Since this is an object that sits on your desk and that you literally touch every day, you do NOT want a sticky keyboard!

Hot day? It’ll take longer to dry

Let each coach of paint dry for an hour or two at least.

Have patience 😉

11 – Lightly sand the keyboard after each coat of paint

Using 500-1,000 grit sandpaper, gently sand down each coat of paint after it has completely dried.

Sanding accomplishes a few things:

  1. This will leave a much smoother finish
  2. Sanding will remove any splotches of drips of paint

Again, you can either wet sand or dry sand.

Just be sure to use a higher grit sandpaper so you won’t accidentally scratch the paint.

12 – Apply a clear top coat to seal the paint

Using a clear varnish or other clear coat, apply a few coats over the paint.

I recommend at least 2-3 coats of clear top finisher!

This will not only protect the paint from fading, it will also protect the keyboard from minor scratches, and make the finish smoother and less sticky.

You’ll want to stick to the same finish that you used for paint.

Matte, satin, or maybe semi-gloss.

Make sure to let the clear top coat dry thoroughly between each coat, as well!

spray painted keyboard
the finished keyboard, spray painted pink 😉

13 – Re-assemble your keyboard and test each key

Carefully re-connect and re-assemble your keyboard, starting with the internal PCB and case, and then the mechanical switches.

But before you put your keycaps back on, you should test the keys to make sure they still work.

  1. Plug your keyboard in
  2. Head to a site like (this makes testing easy!)
  3. If you find a key not working, you’ll need to investigate why!

If your keys work as expected, you can put your keycaps back on and enjoy your beautifully-painted keyboard! ⌨️

Can You Paint Keycaps?

Yes, you can absolutely paint the plastic keycaps for your keyboard. However, there are a few important things to consider before you do this!

First, you’ll definitely want to remove the keycaps from the keyboard for painting.

Second, you should consider that the keys will feel and behave differently (possibly stickier and heavier).

painting keycaps
I would’ve sanded more in between coats. Looks to bumpy to me. (source)

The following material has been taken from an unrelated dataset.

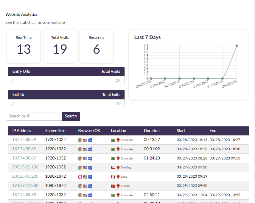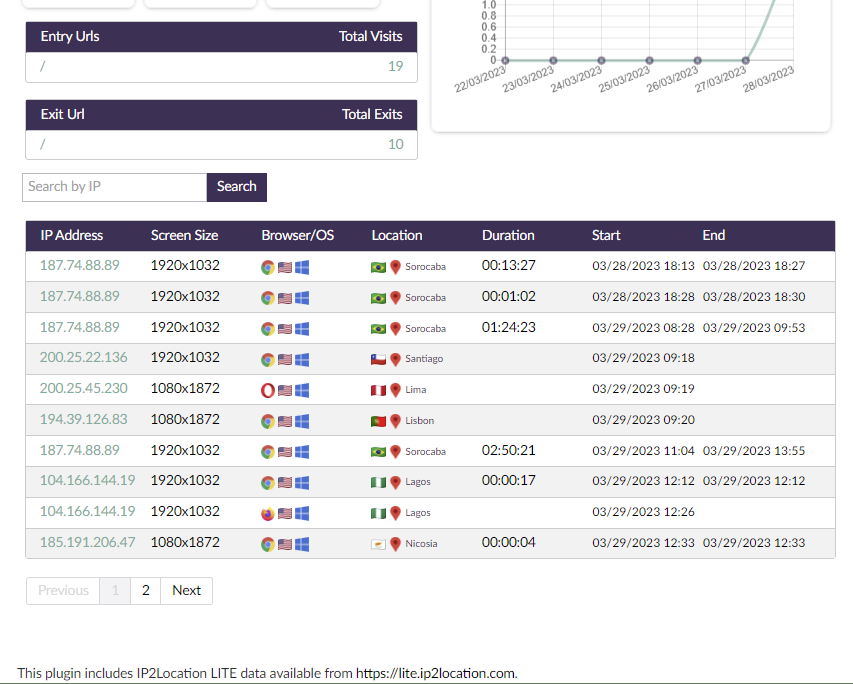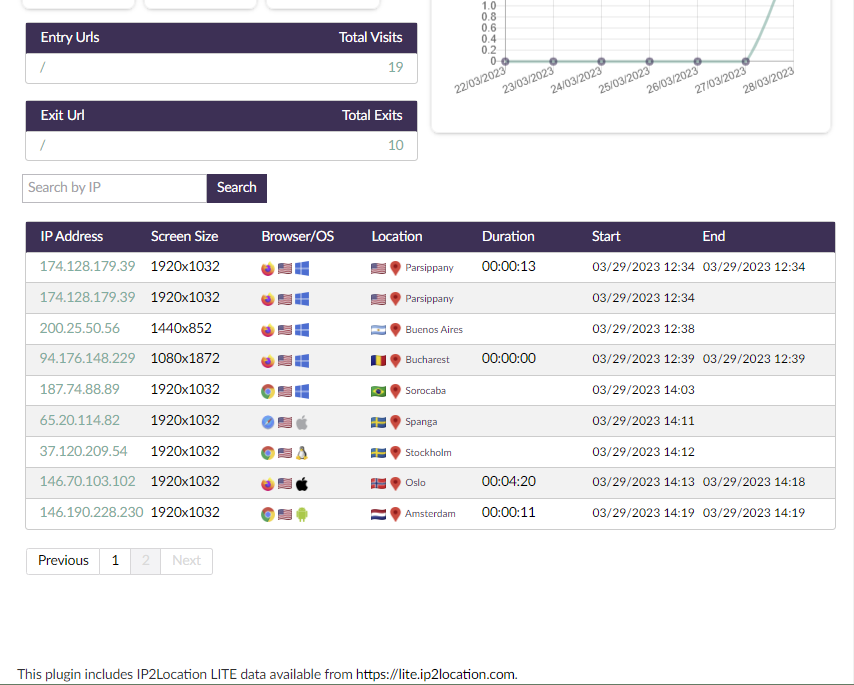 - Displays Browser User Agent, Location, IP, and Duration of Visits.

Last, if you paint over the legends (the printed or transparent numbers, letters, symbols, etc, on the top of the keycap), you’ll have to get used to them NOT being there.

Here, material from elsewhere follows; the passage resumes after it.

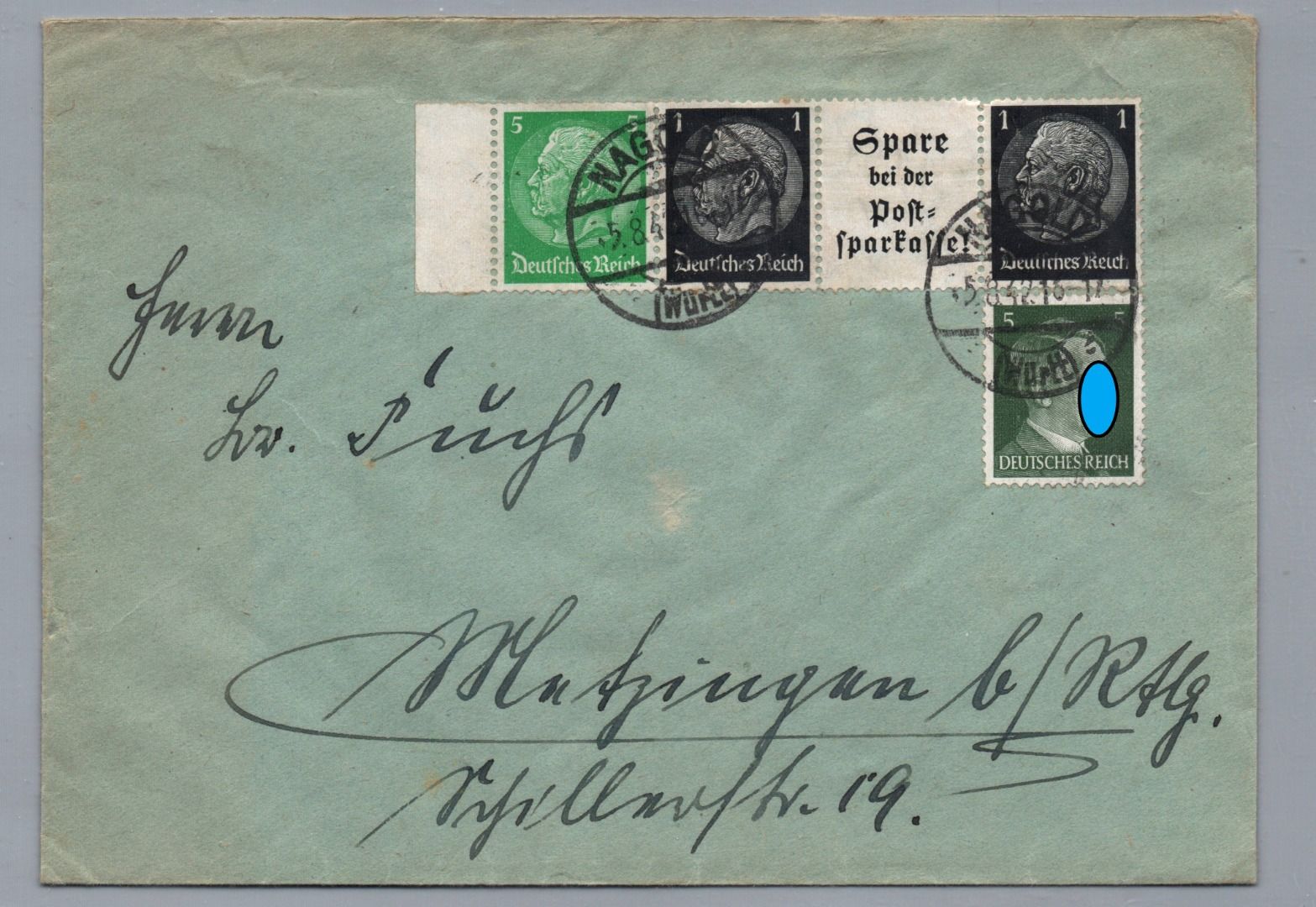 Brief Dt. Reich MH Zusammendruck - Nagold nach Metzingen 1942

Here are my tips for painting your keyboard keycaps:

  1. If you paint over the legends, you can use a fine-tip Sharpie to write the legends back on
  2. Make sure to carefully line up your keycaps by row as you paint–so you can put them back on the keyboard in the correct spot. Most keycaps are different heights, depending on the row!
  3. You can spray paint keycaps just like you would the keyboard case. Use several lighter coats of paint with light sanding in between, as well as a clear top coat to finish.

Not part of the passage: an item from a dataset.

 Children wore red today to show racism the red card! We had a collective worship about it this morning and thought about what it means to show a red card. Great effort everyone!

If you don’t want to paint your keycaps, you can always buy a new set to match your painted case!

Click here for our best keycap recommendations.

Conclusion: Why paint your keyboard?

Painting your keyboard is a fun and rewarding experience, and it’s surprisingly easy and cheap to do!

The designs and color schemes are only limited by your creativity.

Happy painting & clacking 😉

Keyboard Paint F.A.Q.s

Can I paint my laptop keyboard?

Technically yes, there are several ways to paint a laptop keyboard, but it is not recommended. First, it will likely void your computer warranty. Second, since laptops are difficult to take apart, you will need to be incredibly careful and detailed about taping off unwanted areas, between and under keycaps, etc. This is very difficult, and spray paint could still get in unwanted places! This could lead to sticky keys or worse. You can also hand-paint your laptop keyboard with acrylic paint, but this also has the same negative side effects.

Can you color a keyboard?

Yes, you can absolutely paint your keyboard a different color. You can either hand-paint with acrylic paint, or use spray paint. However, there are several precautions you should take to make sure you don’t ruin your keyboard or make it more difficult to type on!

How can I decorate my keyboard?

There are several fun ways to decorate a keyboard, including painting your keyboard case (more involved), painting your keycaps, or even purchasing fun stickers to place on your keycaps or the case.